§ Aim of the task: Transcribe the whole listing exactly; the images stay out.

§ Data below:

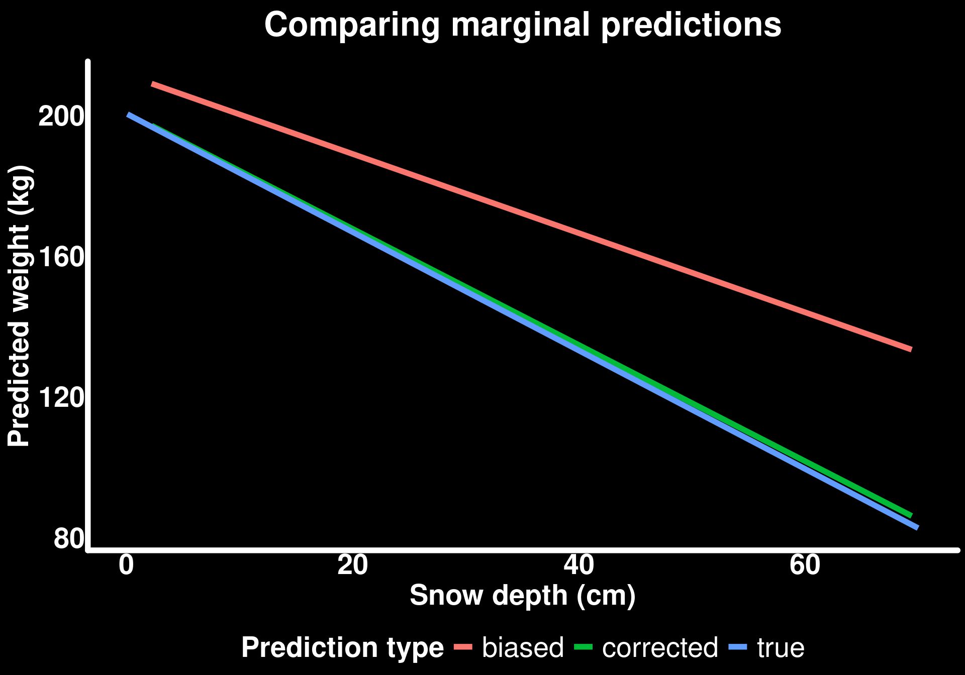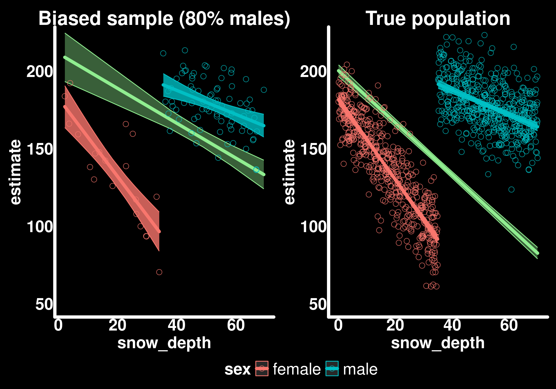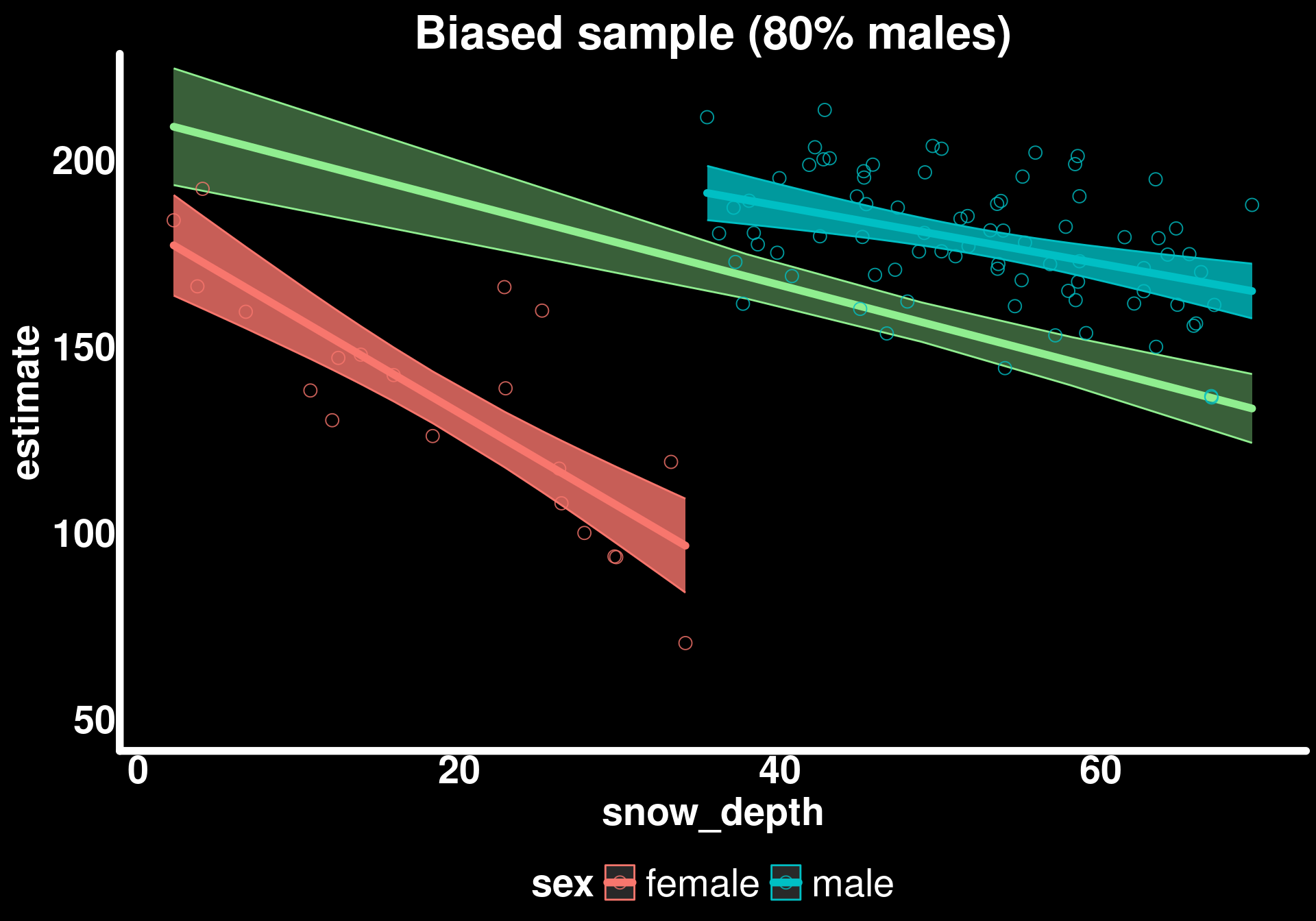 In this case, since males have a weaker snow depth effect (-0.8 kg/cm) than females (-2.5 kg/cm), oversampling males causes our marginal slope to be less steep than the true population average.
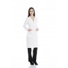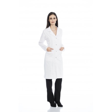 Bata senhora em sarja poliéster-algodão de manga comprida.
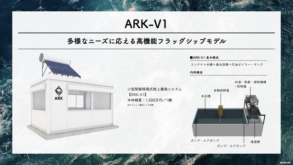 ARK(アーク)は「養殖の民主化」をミッションとして「どこでも誰でも水産養殖ができる仕組み」を提供するため小型・分散型のCRAS(Closed Recirculating Aquaculture System)と呼ばれる閉鎖循環式陸上養殖システム「ARK」等の開発・販売をおこなっています。既存の大規模養殖システムとは異なり、小規模な投資と運用で分散型の水産養殖を始めることができます。また再生可能エネルギーを活用することでオフグリッドでの稼働が可能であると同時に、大幅にエネルギーコストと環境負荷を削減することができます。これらのハードウェアに加えて、養殖事業に必要となるリモート管理アプリケーション「STARBOARD BY ARK」、資材や種苗、飼育ノウハウを提供しています。
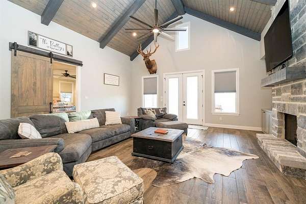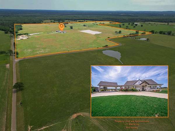 Welcome to this extraordinary 498.27 acre working cattle ranch nestled in the rolling hills of Troup, Texas. This rare East Texas gem offers unparalleled beauty, functionality, & recreation with breathtaking hilltop views, lush hay pastures, & multiple ponds. At the heart of the property sits a custom-built 2023 home featuring 2,475sf of thoughtfully designed living space. With 3 bedrooms, 2.5 bathrooms, an office,& an open-concept layout, this home is perfect for both everyday living & entertaining. The chef's kitchen includes a large island that flows seamlessly into the living & dining areas, highlighted by a cozy fireplace & expansive windows overlooking the serene pond.The private master suite feels like a retreat with double vanities, a soaking tub, oversized walk-in shower, & walk-in closet. Step outside & enjoy the custom gunite pool & hot tub, perfect for relaxing or hosting guests. Nearby, the 40'x60' workshop is fully insulated with heating & AC, washer dryer hookups, a water heater, and a 20'x20' bar area with a half bath. Ideal for entertaining or winding down after a day on the ranch! This turn-key operation is ready for livestock with cross-fenced pastures, two brand-new feed lots (2 acres & 3.5 acres), a 60'x70' horse barn with tack room,& working pens built to handle up to 100 head of cattle. Additional structures include a spacious equipment barn. Recreational opportunities abound! Enjoy five ponds, 85 acres of bottomland ideal for duck hunting,& plentiful deer & wildlife with established blinds & feeders. With mature trees & scenic trails throughout, it's a haven for outdoor lovers & equestrian enthusiasts alike. In 2024 alone, the ranch produced an impressive 512 rolls of hay & 197 rolls of sileage. Whether you're seeking a full-time ranching operation, recreational getaway, or luxury country estate, his property offers it all. Schedule your private tour today to experience this East Texas masterpiece firsthand!

§ Result:
 In this case, since males have a weaker snow depth effect (-0.8 kg/cm) than females (-2.5 kg/cm), oversampling males causes our marginal slope to be less steep than the true population average.
 Bata senhora em sarja poliéster-algodão de manga comprida.
 ARK(アーク)は「養殖の民主化」をミッションとして「どこでも誰でも水産養殖ができる仕組み」を提供するため小型・分散型のCRAS(Closed Recirculating Aquaculture System)と呼ばれる閉鎖循環式陸上養殖システム「ARK」等の開発・販売をおこなっています。既存の大規模養殖システムとは異なり、小規模な投資と運用で分散型の水産養殖を始めることができます。また再生可能エネルギーを活用することでオフグリッドでの稼働が可能であると同時に、大幅にエネルギーコストと環境負荷を削減することができます。これらのハードウェアに加えて、養殖事業に必要となるリモート管理アプリケーション「STARBOARD BY ARK」、資材や種苗、飼育ノウハウを提供しています。
 Welcome to this extraordinary 498.27 acre working cattle ranch nestled in the rolling hills of Troup, Texas. This rare East Texas gem offers unparalleled beauty, functionality, & recreation with breathtaking hilltop views, lush hay pastures, & multiple ponds. At the heart of the property sits a custom-built 2023 home featuring 2,475sf of thoughtfully designed living space. With 3 bedrooms, 2.5 bathrooms, an office,& an open-concept layout, this home is perfect for both everyday living & entertaining. The chef's kitchen includes a large island that flows seamlessly into the living & dining areas, highlighted by a cozy fireplace & expansive windows overlooking the serene pond.The private master suite feels like a retreat with double vanities, a soaking tub, oversized walk-in shower, & walk-in closet. Step outside & enjoy the custom gunite pool & hot tub, perfect for relaxing or hosting guests. Nearby, the 40'x60' workshop is fully insulated with heating & AC, washer dryer hookups, a water heater, and a 20'x20' bar area with a half bath. Ideal for entertaining or winding down after a day on the ranch! This turn-key operation is ready for livestock with cross-fenced pastures, two brand-new feed lots (2 acres & 3.5 acres), a 60'x70' horse barn with tack room,& working pens built to handle up to 100 head of cattle. Additional structures include a spacious equipment barn. Recreational opportunities abound! Enjoy five ponds, 85 acres of bottomland ideal for duck hunting,& plentiful deer & wildlife with established blinds & feeders. With mature trees & scenic trails throughout, it's a haven for outdoor lovers & equestrian enthusiasts alike. In 2024 alone, the ranch produced an impressive 512 rolls of hay & 197 rolls of sileage. Whether you're seeking a full-time ranching operation, recreational getaway, or luxury country estate, his property offers it all. Schedule your private tour today to experience this East Texas masterpiece firsthand!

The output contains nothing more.